Lin-Manuel Miranda Walk of Fame ceremony by Luke Harold.
A. Miranda participated in the chorus during elementary school at Hunter College Elementary School. One of the songs the chorus sang at Chanukkah time was Sivivon. According to Miranda, “My part in Sivivon was to sing ‘Sov’ about 6,000 times in a row.”
B. In 2002, shortly after graduating from college, Miranda participated in the BMI Lehman Engel Musical Theatre Workshop, the premier training program for musical theater composers. He partnered with another participant who had begun writing a musical version of the Biblical story of Moses set in modern times. Among Miranda’s contributions was the song Ten Cool Commandments, which Miranda later used as the basis for the song Ten Duel Commandments in Hamilton.
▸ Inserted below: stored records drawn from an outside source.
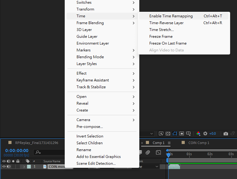 對去背好的硬幣圖層右鍵 > Time > Enable Time Remapping。
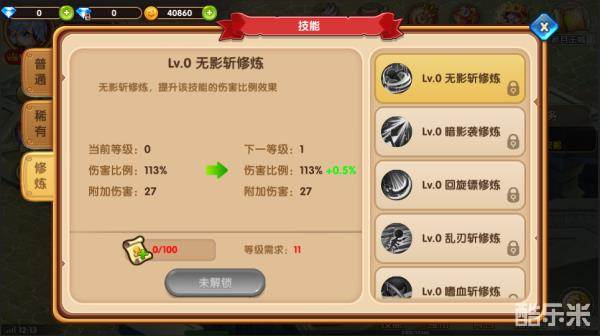 修炼:这个是技能的伤害强化技能噢 ,每次升级都可以提升我们角色技能的伤害喔,也是消耗金币的噢
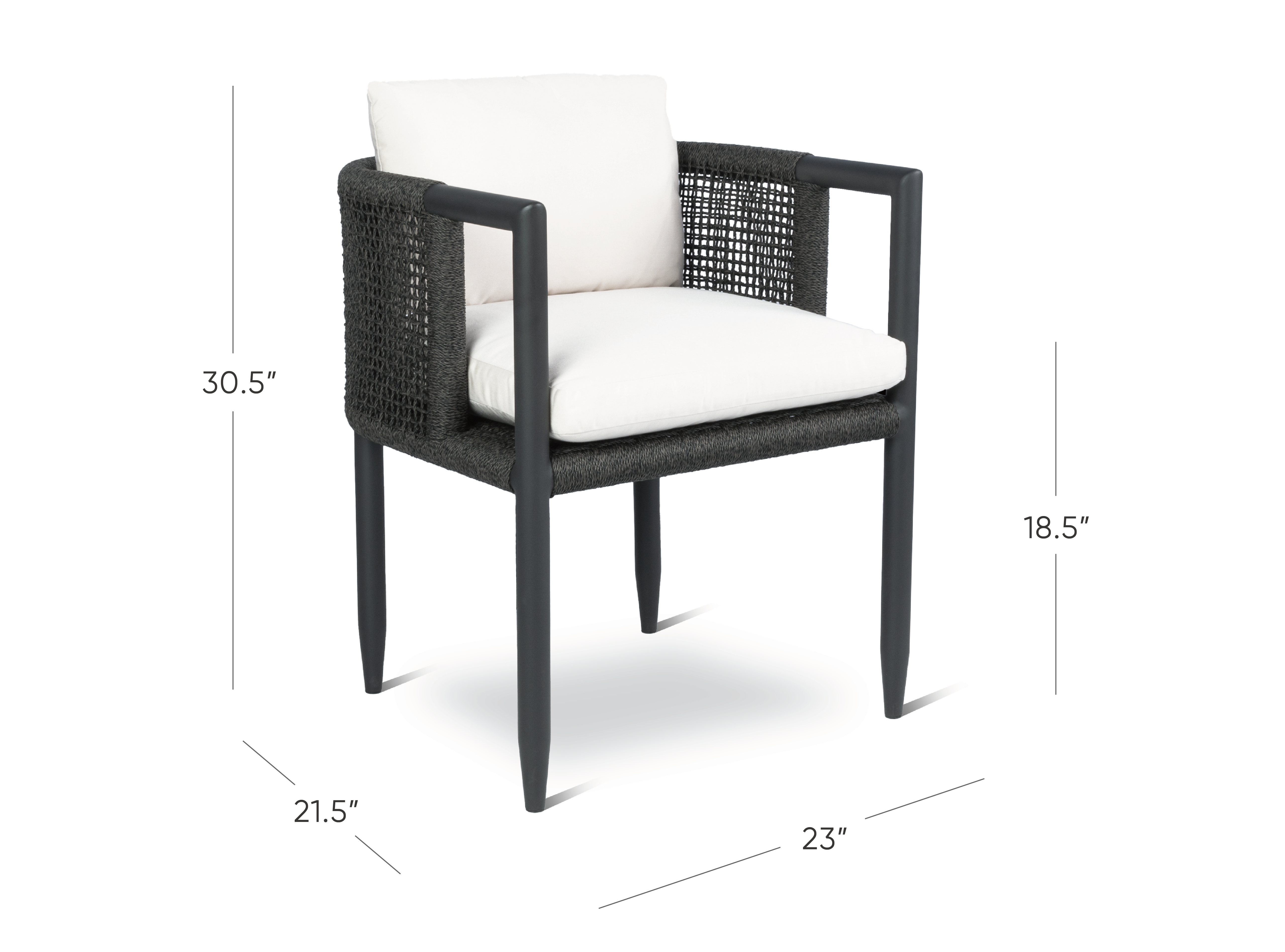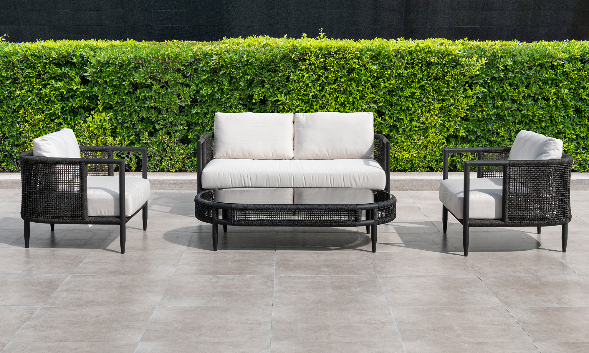 Seat cushion is made with an Open Cell Foam wrapped in Dacron. This allows water to flow through and drain. The back cushion is filled with a Foam, Poly, and Dacron blend to maintain shape over time.
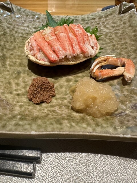 食べすぎ注意⚠️今日のメインは蟹!と思ったが、結局肉もしっかり食べてる。はまぐりあるよと言われれば注文!たけのこあるよと言われれば、これまた即注文!こうやって食べるものがどんどん増えていく。最近のお気に入りはさつまいもの素揚げ。天ぷらもいいけど、素揚げの方がさつまいもの甘味をダイレクトに感じられる。〆は鯛茶漬けこれも美味しい。写真に載せてないけど、いかの塩辛、酒飲みにはサイコーのおつまみです。
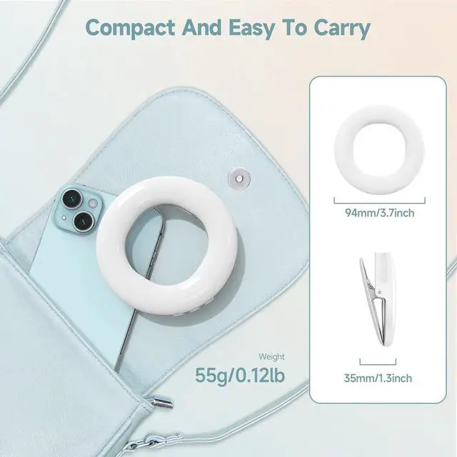 The selfie light is very portable,perfect size help you put it in your pocket, any bags, smooth surface doesn't scratch anything
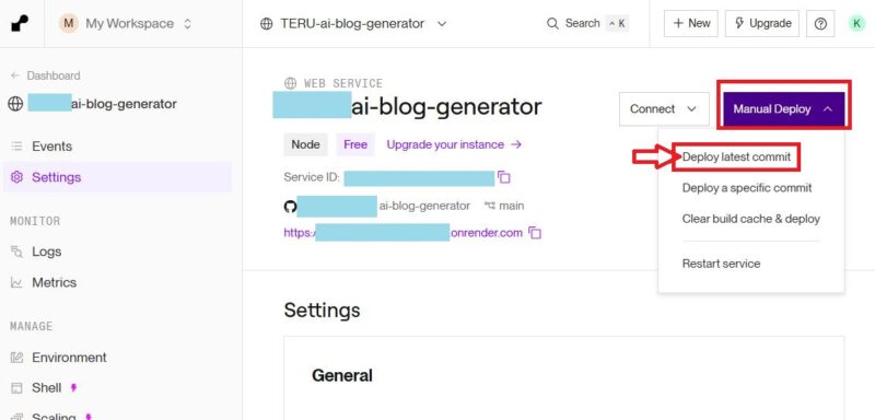 画面上部の右側にある「Manual Deploy」をクリックして一番上の「Deploy latest commit」を選択。
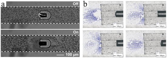 where and are the lengths of the liquid in the tube and the bubble column, respectively. Acoustically vibrating bubbles usually exhibit two typical oscillation modes: (1) volumetric or (2) reciprocal along the axis [61,62]. Under the excitation of acoustic waves, the particles close to the bubbles are primarily affected by the acoustic streaming force (estimated by Stokes drag force), that is, the viscous resistance caused by the streamline direction of the micro flow field, and the secondary acoustic radiation force (also known as the Bjerknes force) caused by the scattering effect of the bubble on the incident acoustic wave. The dominant force can be calculated by the ratio of magnitudes [63,64,65]. Acoustic bubbles can not only be used to manipulate particles, cells, and other objects but also to manipulate fluid flows within microfluidic devices. For example, Ahmed et al. reported that using ultrasound to oscillate bubbles trapped in a “horse-shoe” structure inside microtubules could affect fluid flow (Figure 5a) [66]. Under the action of acoustic waves, the contact surface between the microbubbles and surrounding liquid vibrates, which triggers microstreaming [67,68]. In addition, medical microbubble contrast agents driven by ultrasonic pulse can be used for treatment delivery and monitoring [69].

C. Growing up in New York City, Miranda attended Hunter College High School from 7th through 12th grade, where many of his friends were Jewish. In 1993, when he was thirteen years old, he wrote and performed a song at a friend’s bar mitzvah party called Today You’re A Man/Today You’re My Man.
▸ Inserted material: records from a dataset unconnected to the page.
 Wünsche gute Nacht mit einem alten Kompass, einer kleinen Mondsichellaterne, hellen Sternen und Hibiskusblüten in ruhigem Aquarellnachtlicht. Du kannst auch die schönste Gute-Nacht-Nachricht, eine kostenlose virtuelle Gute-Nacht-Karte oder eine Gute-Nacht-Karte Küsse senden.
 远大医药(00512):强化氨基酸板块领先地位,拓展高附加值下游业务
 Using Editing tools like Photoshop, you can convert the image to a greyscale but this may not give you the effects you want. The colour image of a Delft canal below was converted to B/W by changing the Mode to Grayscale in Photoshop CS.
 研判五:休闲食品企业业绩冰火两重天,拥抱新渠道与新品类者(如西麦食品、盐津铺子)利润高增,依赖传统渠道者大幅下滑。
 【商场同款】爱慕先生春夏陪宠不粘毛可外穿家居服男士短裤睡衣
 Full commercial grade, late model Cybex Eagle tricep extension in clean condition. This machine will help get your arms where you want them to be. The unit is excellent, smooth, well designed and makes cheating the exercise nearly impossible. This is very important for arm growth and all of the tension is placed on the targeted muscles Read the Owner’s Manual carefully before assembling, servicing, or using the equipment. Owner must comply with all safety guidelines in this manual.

D. At Wesleyan College, Miranda was a member of the Jewish a capella group The Mazeltones. Their repertoire included the song Hinei Ba Hashalom, where Miranda sang the lead, even pronouncing the guttural Hebrew “CH” sound perfectly.
E. Growing up in New York City, Hamilton had many Jewish friends, including his best friend, Davey Goldblum. Miranda would sometimes go with Goldblum to services at the Fifth Avenue Synagogue in their neighborhood on the upper East Side of Manhattan. Miranda later spoke of his vivid memory of the old Jewish men at the kiddush after services, all rushing to grab a small glass of Slivovitz. Said Miranda, “The old men used to jostle at the table for this little glass of schnapps, and they would start singing. Davey said it’s some kind of bracha, a blessing. It went something like this: ‘And I am not throwing away my shot/I am not throwing away my schnapps/Oy vey, I’m just like my misphoches/I’m young, scrappy and falling on my toches/And I’m not throwing away my shot’.”